I played Elvis's "I Can't Help Falling In Love With You" slowish and expressively, about the same speed Elvis sang it. And I used a VOX wah for added expression.

And I had an acoustic guitar, amplified, backing me up. 

I had just enough time on stage to play through the tune a few times. Lots of fun. The meager audience seemed to enjoy it, but not as much as I enjoyed playing it.

I think these slow country and rock ballads might be something to pursue with the emando. Especially with that wah. That thing makes me cry.

----------

Verne Andru

----------


## Jim Nollman

I used to pick up my Godin electric specifically to play the subset of old time tunes that have tons of drive but little melody, things mostly in the Key of A: Kitchen  Girl, Grub Springs, Ducks on a Millpond, Sandy Boys. These tunes have always reminded me of Howling Wolf's brand of loud raucous blues,  the old time tunes he might  have added to his repertoire if only he knew about them. It seems easy to imagine Hubert Sumlin playing the melody of Abe's Retreat over and over again while Howling Wolf wails over the top of it.

----------


## foldedpath

> My specialty is loud angry fiddle tunes. I have not met anyone who wants to hear loud angry fiddle tunes.


Well, you could try forming a Fairport Convention tribute band.  :Grin: 

Start with Matty Groves from Liege and Lief, including the wild last bit with improv. Then move on to the Rocked-up versions of Lark In The Morning, Rakish Paddy, Fox Hunter's Jig and Toss the Feathers. You'll need a drummer.

----------


## JeffD

I have looked into that. Bands like Fairport Convention and Steeleye Span have inspired me. If I could make something like that coalesce around me, I would be all in.

----------


## sonic

> In my adventure into the electric side I have had great difficulty with this very thing - where oh where is the electric mandolin at home? Or, more accurately, where can i feel at home with the electric?
> 
> Despite the best efforts of my brother the electric guitar guy, and my friend the awesome drummer, I am an awkward in the rock world, either emulating a guitar or improvising. I have and will continue to try.
> 
> My specialty is loud angry fiddle tunes. I have not met anyone who wants to hear loud angry fiddle tunes.

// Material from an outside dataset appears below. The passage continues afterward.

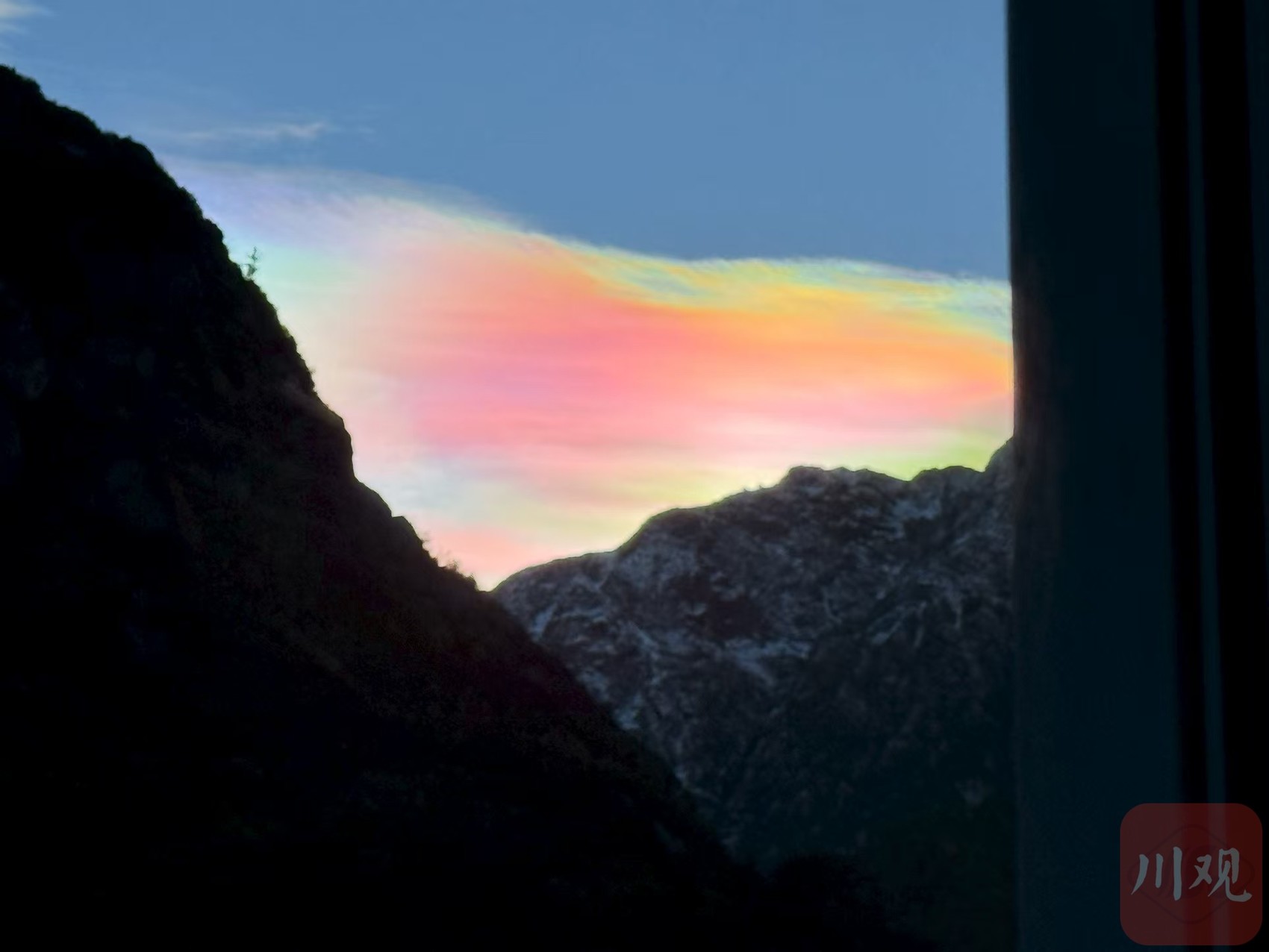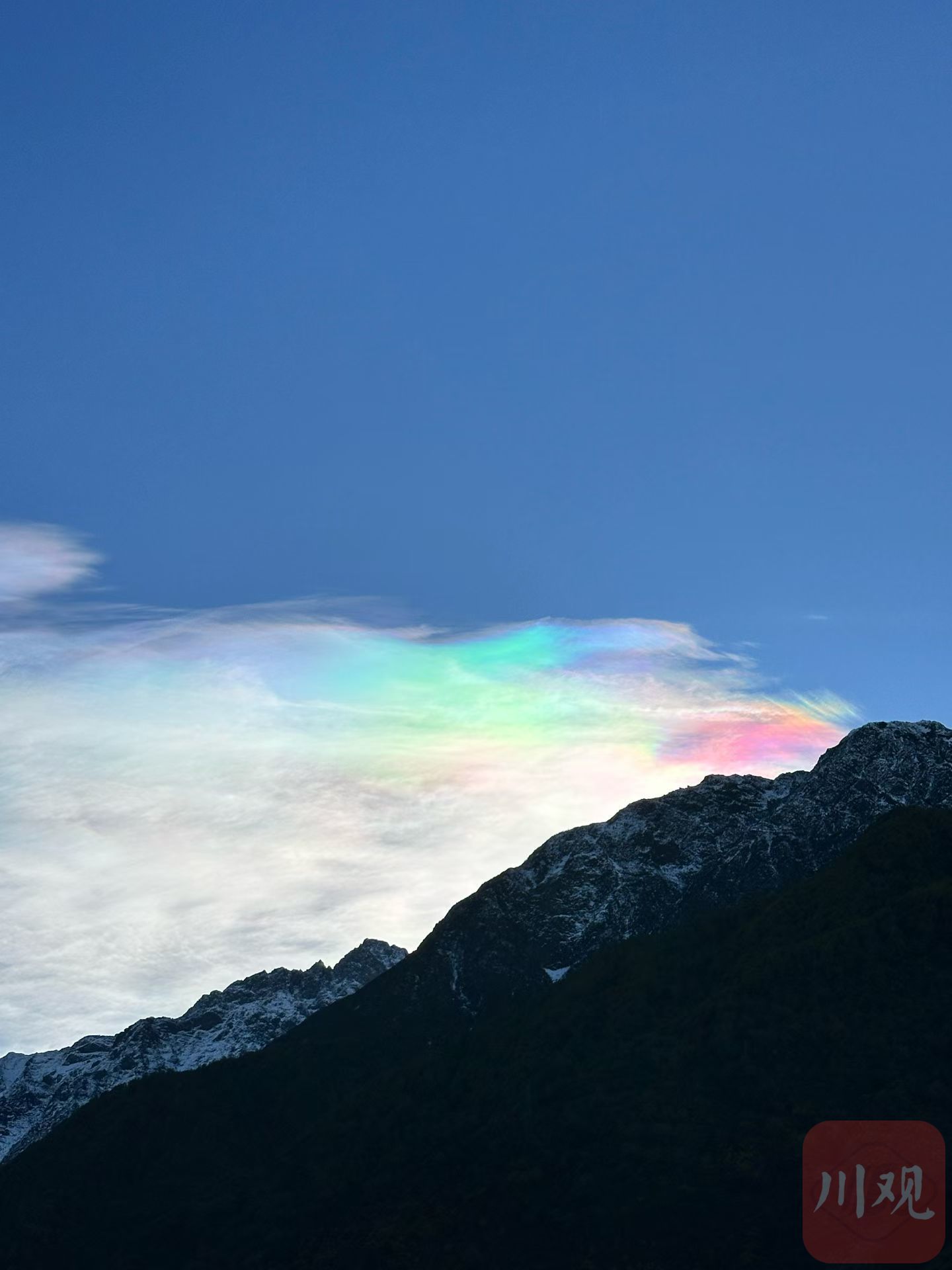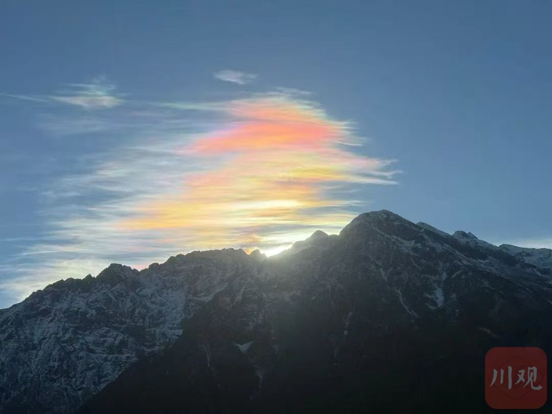 据甘孜州气象台气象预报工程师李天方介绍,“七彩祥云”是一种较为罕见的光学现象,因前段时间康定降水较多,空气中残留的水汽在特定的光射条件下形成。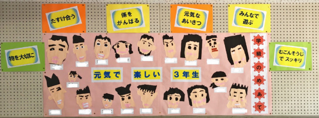 5月3日(木) 先日に続いて学級目標を紹介します。今日は、3年生と4年生です。子供達と担任の先生の思いが詰まったものです。学級でしっかり共有し達成を目指していきます。

I take it you don’t know any Dropkick Murphys or Flogging Molly fans. Definitely angry would suit electric Mandolin no problem

----------


## JeffD

The only Dropkick Murphys I know is Rose Tattoo. I learned the mandolin part. I hadn't thought of electric mandolin on it though. Hmmmmm.  :Smile:

----------


## sonic

I think you could tackle any of the angry Irish (ish) bands. Pouges is another that comes to mind. Irish Rover maybe don’t forget to add a bit of pogoing whilst playing

----------


## Daniel Nestlerode

I took the JBovier in for a proper set up by Jamie Swanell in Cambridge.  Nut slots, bridge adjustment, intonation.  He did a brilliant job.  He turned a slightly frustrating little beastie into a proper instrument.

I used it in a recording session on Sunday (28 Jan).  Ran it into the desk through a Boss tremolo unit.  Lovely big 5 string chords Dm, Bb, C, and F.

Another reason to record e-mando: ya get the comfy chair in the control room rather than the drum throne in the studio.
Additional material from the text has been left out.